Our site visit confirms that the building’s configuration would make it very difficult to accommodate the requested storage rooms and that their access would be very cumbersome to eventual users.

According to the OdM, the regulatory provisions could be reasonably interpreted in such a way that the requirement for garbage storage rooms not be applied to this file. The Borough does not accept this argument.

We nevertheless agree to a solution that will consider the issue’s particular context and be acceptable to all parties involved. The renovation of the private unit is authorized without the requirement for garbage storage rooms.

Comment regarding the management of permit applications involving condominiums

We receive an increasing number of complaints criticizing Boroughs for having authorized works in a condo’s common areas without prior consent from the Syndicate of co-owners, or authorizing works in a portion reserved for exclusive use without the consent of the owner who benefits from this sole use. We are concerned about this situation!

Front yard landscaping – Justified requirements – Need to improve follow-up times (2016)

Arrondissement de Rivière-des-Prairies–Pointe-aux-Trembles

Eight years after completing construction of their house, the plaintiffs are informed that their front yard landscaping is not compliant and must be modified (driveway entrance too long, paved parking space on the front yard and insufficient greenery).

Our enquiry reveals that, at the time the house was built, the landscaping was not compliant with the regulation’s requirements.
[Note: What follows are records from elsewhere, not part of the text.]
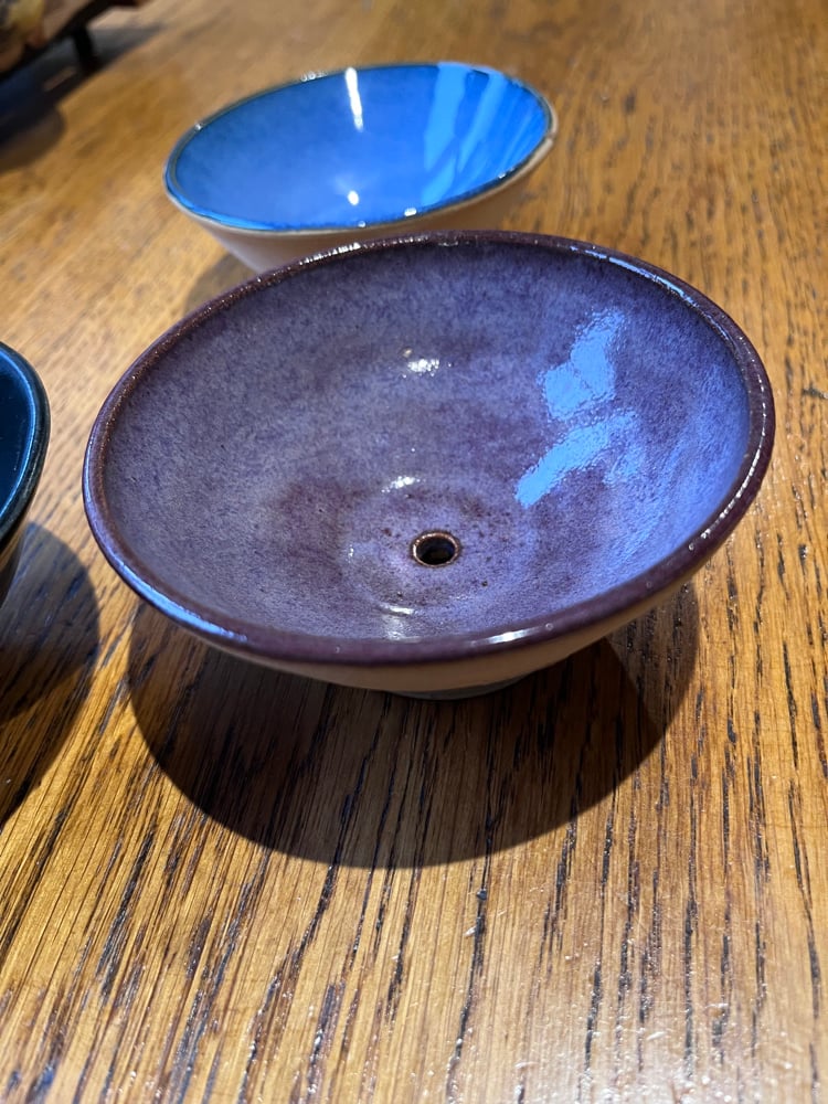 SALE PRICE Small conical soap dishes with raised foot ring including drainage cutaway. About 10cm across, perfect for smaller sink side.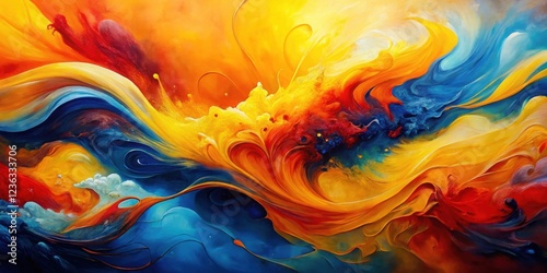 An abstract composition of swirling colors, with vibrant hues of yellow, blue, and red creating a dynamic and energetic atmosphere.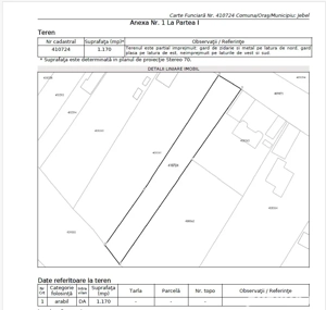 Teren intravilan pretabil constructii de vanzare in Jebel. FOXFORT propune teren intravilan pretabil constructii de vanzare in Jebel, avand o suprafata de 1300 mp, numar fronturi 1 si deschiderea de 14 ml la strada. Caracteristici teren: regim de inaltime permis Parter + Etaj + Mansarda. Pe teren se ...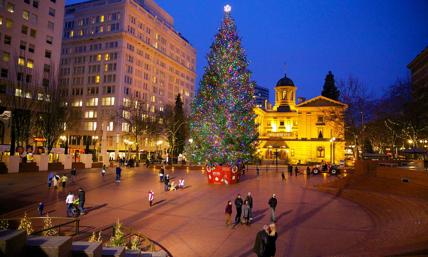 Portland’s 75-foot Douglas fir—wrapped in 9,500 LEDs—lit up on November 28 and shines nightly through the holidays. The kickoff sing-along has passed, but free photos, carolers, and that sweet roasted-chestnut smell keep the magic alive. Pair it with downtown window displays for a quick, festive outing.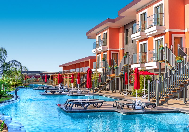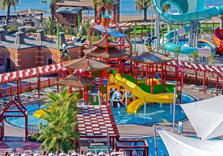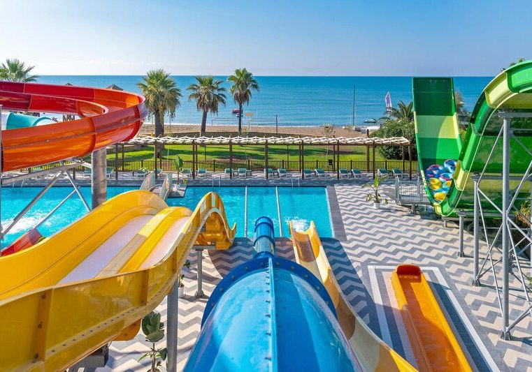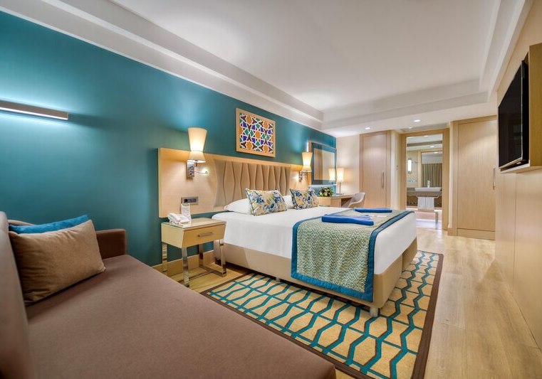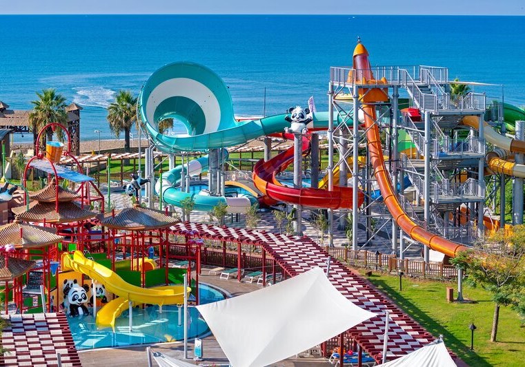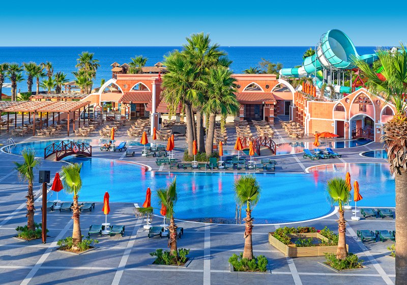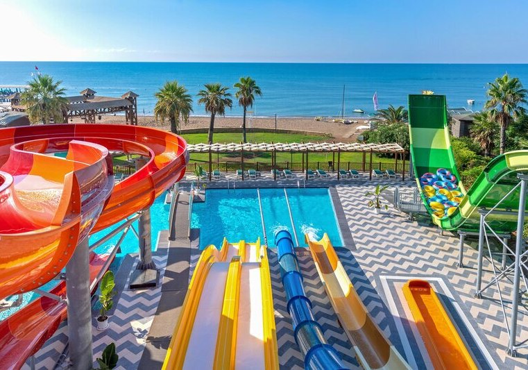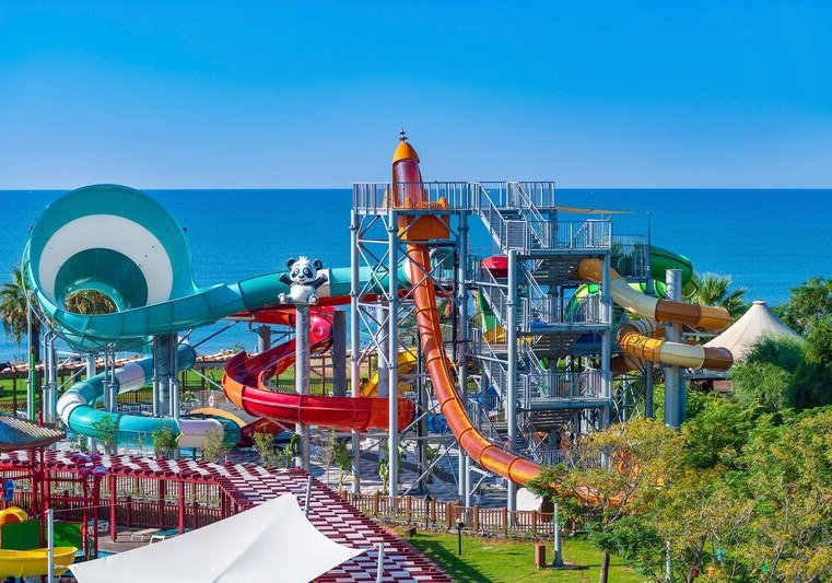 Im Außenbereich warten fünf Süßwasserpools, darunter Relax-, Aktivitäts- und Turkuazpool. Dazu kommt ein Hallenbad. Am Pool und am Strand nutzt Ihr Liegen, Schirme und Badetücher. Der Aquapark mit sieben Rutschen sowie separate Kinderbecken – innen und mit Rutschen – strukturieren Familientage effizient und übersichtlich.

The Borough grants a reasonable extension for the citizens to perform the required modifications.

We are, however, surprised over the lengthy delays (8 years after completion of the work) before the Borough conducts a final inspection in order to close the permit-related file. Some corrective measures have already been implemented: we invite the Borough to continue improving its follow-up and turnaround times.

Residence under construction – Lengthy delays – Threat of demolition by the Borough – Withdrawn (2016)

Arrondissement de Rivière-des-Prairies–Pointe-aux-Trembles

The Borough threatens to tear down a house under construction that is yet to be completed. The construction permit has expired: the Borough refuses to extend it or to issue a new one.

Our enquiry reveals that the citizen is performing the work himself, which explains the lengthy delays. Although the building is not completed, it is not run-down. In view of the work progress, we believe that it would be inappropriate to have the building demolished.

The Borough agrees to suspend its actions and grants the citizen additional extensions in order for him to complete the building’s exterior.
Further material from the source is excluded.